A grande mudança veio com a guerra árabe-israelense de 1967, que coincidiu com um período de intenso ativismo político no campus em relação aos direitos civis e à Guerra do Vietnã. Envolvi-me naturalmente em ambas as frentes, mas, para mim, havia a dificuldade adicional de tentar chamar a atenção para a causa palestina. Após a derrota árabe, houve um vigoroso ressurgimento do nacionalismo palestino, materializado no movimento de resistência localizado principalmente na Jordânia e nos territórios recém-ocupados. Vários amigos e familiares aderiram ao movimento e, quando visitei a Jordânia em 1968, 69 e 70, encontrei-me entre vários contemporâneos com ideias semelhantes. Nos EUA, no entanto, minhas posições políticas foram rejeitadas – com algumas exceções notáveis – tanto por ativistas antiguerra quanto por apoiadores de Martin Luther King.
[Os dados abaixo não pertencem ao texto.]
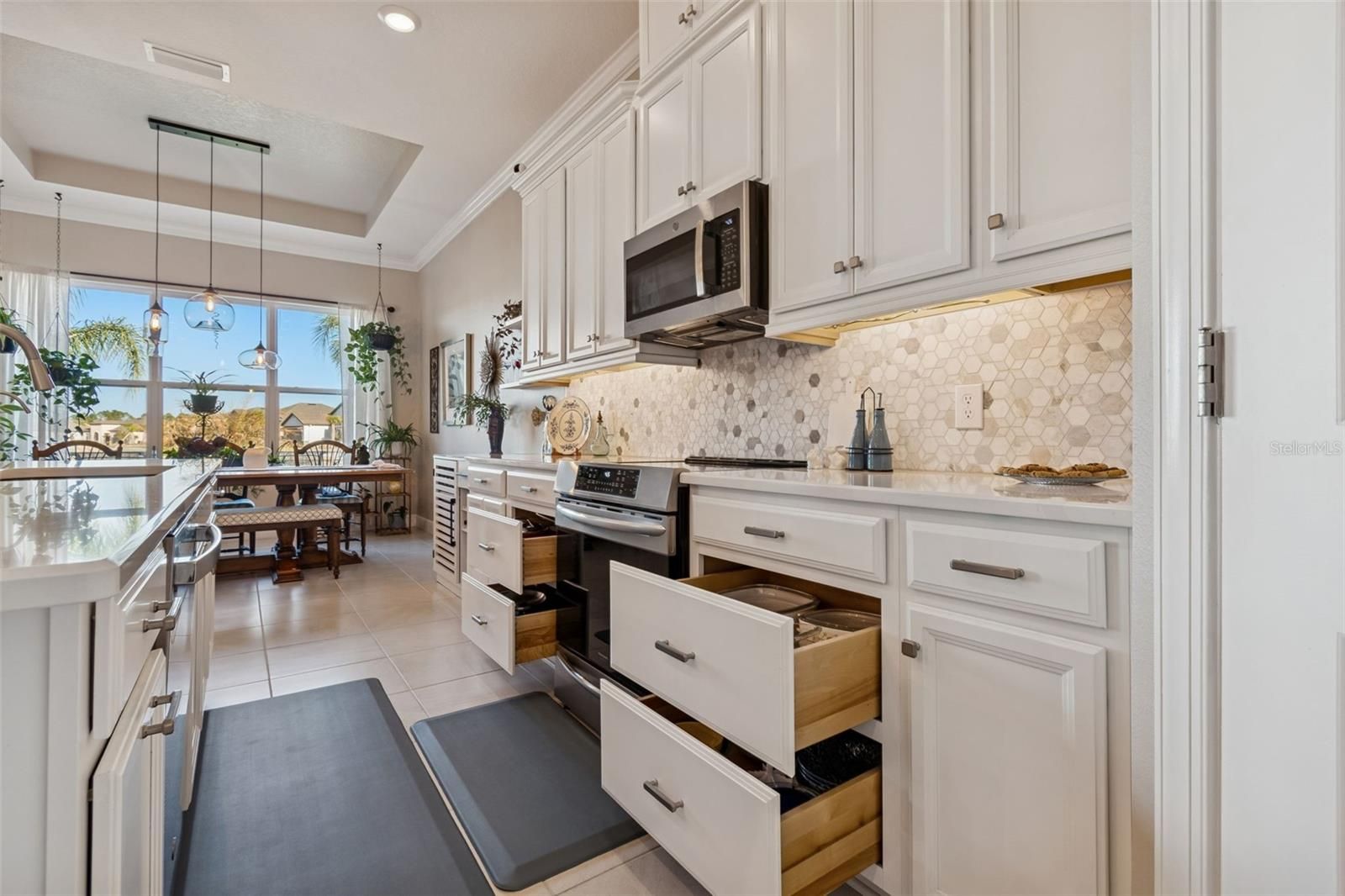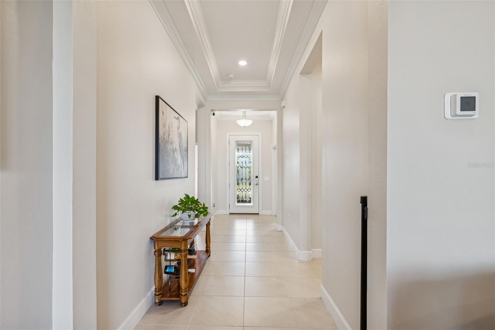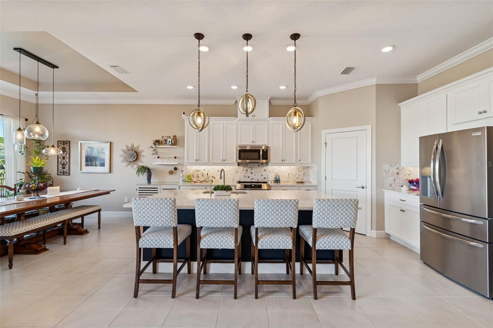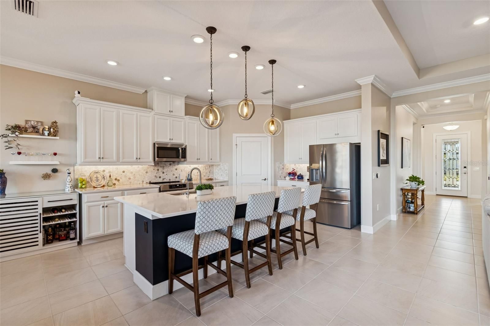 Sought after subdivision of VERSILIA, walking distance to the VILLAGE CENTER with it's 3 Restaurants, Pharmacy, Clubhouse, Indoor & Outdoor POOLS & Fitness Center. ENTER this Lovely home from a Covered Screened porch & you'll be greeted by an elegant LEADED GLASS Front Door which opens onto a large FOYER with TRAY CEILINGS. There is porcelain TILE flooring, throughout most of the home, plush carpeted bedrooms & vinyl plank in the Study/Den. This uniquely designed LETIZIA model, offers 3 separate sleeping areas, each wing with its own bathroom for privacy & convenience. The front wing offers 2 BEDROOMS,1 BATHROOM with a Shower, the STUDY/DEN with double doors located opposite the foyer has VINYL PLANK flooring. Down the hall off the garage you'll find BEDROOM 3 with easy access to a hall BATHROOM with a Tub & large vanity with a single sink. The LAUNDRY room has a FRONT LOAD Washer & Dryer which sits on a storage cabinet for easy access & you have a utility sink for quick cleanups. Located off the Great room is the PRIMARY MASTER SUITE, with its oversized windows which offer a lovely view of the POND, the ENSUITE BATHROOM affords DUAL SINKS, WALK-IN Shower and a large Walk-in CLOSET for two with CUSTOM CAIBENITRY with BUILT-IN Drawers. This NEWER home BUILT in 2022 affords many upgrades, from it's professional FRONT landscaping to the rear EXTENDED SCREENED LANAI overlooking the POND, and there's an OPEN Brick paved BBQ area for grilling & the rear yard is fenced for privacy. Enjoy the breeze from the POND while watching TV from your Lanai & appreciate having NO rear neighbors. This OPEN-CONCEPT Kitchen with its large island, QUARTZ COUNTERS, MOSAIC TILED BACKSPLASH, STAINLESS STEELAPPLIANCES & a large Walk-in PANTRY. The GREAT room area affords 3 Sliding glass doors which open onto the LANAI & is great for entertaining family & friends. Throughout the home you will find, TRAY CEILINGS, custom window treatments, CROWN MOLDING, CEILING FANS, decorative accent wall in the Primary suite & the entire home affords a neutral palette. The Two Car Garage has EPOXY floor covering & OVERHEAD Metal Storage Racks. Don't miss this exceptional home, call to come view it today. The HOA maintains LANDSCAPING & IRRIGATION throughout the community & for individual homesites, it also maintains the roads in the community (being repaved). This is a GATED community with manned guard gates & mobile patrol including POLK County Sheriff patrol. The GATES are AUTOMATED for residents which allows easy access via license plate readers. Your maintenance Fees also include fiber optic internet & Cable. SOLIVITA offers TWO Championship GOLF COURSES, 3 restaurants, SOFTBALL field, PICKLEBALL, TENNIS Courts, SHUFFLEBOARD, 14 HEATED POOLS, TOT Lots, 2 DOG parks & much much more.... Directly across Cypress Parkway at Solivita's main gate, you'll find a HOSPITAL & the newly built Poinciana Lakes Plaza shopping center complete with a grocery store, restaurants (casual & fast food), Banks, Walgreens & more to come.

Pela primeira vez, me senti genuinamente dividido entre as novas pressões assertivas da minha origem e língua e as demandas complicadas de uma situação nos EUA que desprezava, na verdade, o que eu tinha a dizer sobre a busca pela justiça palestina — o que era considerado antissemita e nazista.
Em 1972, tirei um ano sabático e aproveitei a oportunidade para passar um ano em Beirute, onde passei a maior parte do meu tempo estudando filologia e literatura árabes, algo que eu nunca havia feito antes, pelo menos não naquele nível, por sentir que havia permitido que a disparidade entre minha identidade adquirida e a cultura na qual nasci e da qual fui removido se tornasse grande demais. Em outras palavras, havia uma necessidade existencial, bem como uma necessidade política, de harmonizar o eu com o outro, pois, à medida que o debate sobre o que antes era chamado de "Oriente Médio" se transformava em um debate entre israelenses e palestinos, fui atraído, ironicamente, tanto pela minha capacidade de falar como acadêmico e intelectual americano quanto pela casualidade do meu nascimento. Em meados da década de 1970, eu estava na posição privilegiada, porém nada invejável, de falar em nome de dois grupos diametralmente opostos: um ocidental e outro árabe.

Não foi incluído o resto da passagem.